— Э-э! — крикнул я.
Гурька не подавал признаков жизни.
— Э-э!
— Чего орешь! — услышал я чей-то голос.
Из-за куста вышла старуха с палкой в руке. Одета она в телогрейку. На голове серый платок.
— Чего орешь? — опять спросила старуха.
— Здесь курсант наш должен быть.
— Спит он!
— На посту спит?
— Я на посту, — ответила старуха и показала на грудь палкой. — Я корову невестке веду, мне все одно не спать, а он небось все ночи недосыпает, умаялся. У меня у самой два внука в солдатах.
— Иди разбуди его и скажи, что еду привез.
— Ну, ежели насчет харчей, то можно. — Старуха ушла, опираясь на палку.
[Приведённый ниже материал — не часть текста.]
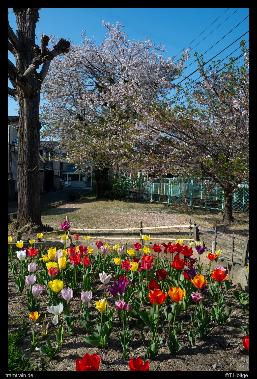 Wir genehmigten uns im Anschluss an das Nachmittagsessen und einen kurzen Getränkestopp in der Lawson Station eine Einzelfahrt bis zurück zum Abzweig von der Loop-Line. Zwar nicht wirklich weit und mit der Bahn mitten auf der Straße wiedermal kaum schneller, aber das Stück war doch recht zäh zu laufen gewesen am Morgen. Anschließend liefen wir fast die Hälfte des eingleisigen Nordostbogens der Loop zu Fuß ab, bis zur Haltestelle Hommachi 6 (29), an der die Linie 6 ohne Gleisverbindung orthogonal zur Loop-Line endet. Die Loop selbst ist in diesem Abschnitt auf eigenem Bahnkörper mit Schrankenanlagen trassiert und kommt dadurch ungewohnt schnell voran, muss durch den dichten Takt der gegenläufigen Ringlinien an den Kreuzungen aber oft auf die Gegenbahn warten, da ein sauberer Takt durch die Straßenabschnitte auf der anderen Hälfte der Loop nur selten zustande kommt. Insgesamt bot die Strecke mit der eigenen Trasse neben kleinen Sträßchen und durchmischter Bebauung aber eine willkommene Abwechslung zum sonstigen Verlauf auf den breiten Straßen und Bulevards. Hier durch die beschaulichen Nebenstraßen durch das Alltagsleben der gemütlichen Wohnviertel zu streifen, war wirklich super.

Вскоре показался Гурька. Лицо заспанное, воротник шинели поднят.
— Что? Стреляют? — спросил Гурька.
— Не слышишь, — сказал я с презрением. — Корову убьют. Отвечать будешь.
— Разве такая старуха даст корову убить. Она прежде сама ляжет под мину. Ну, чего привез? Давай! Тут я немножко молочком кишки промыл. Жрать еще больше захотелось.
Я вынул буханку хлеба. Уверенным движением отрезал ломоть, дал масла и сахара, и будь здоров.
«Сурок и бездельник. Ему бы можно и половину нормы дать».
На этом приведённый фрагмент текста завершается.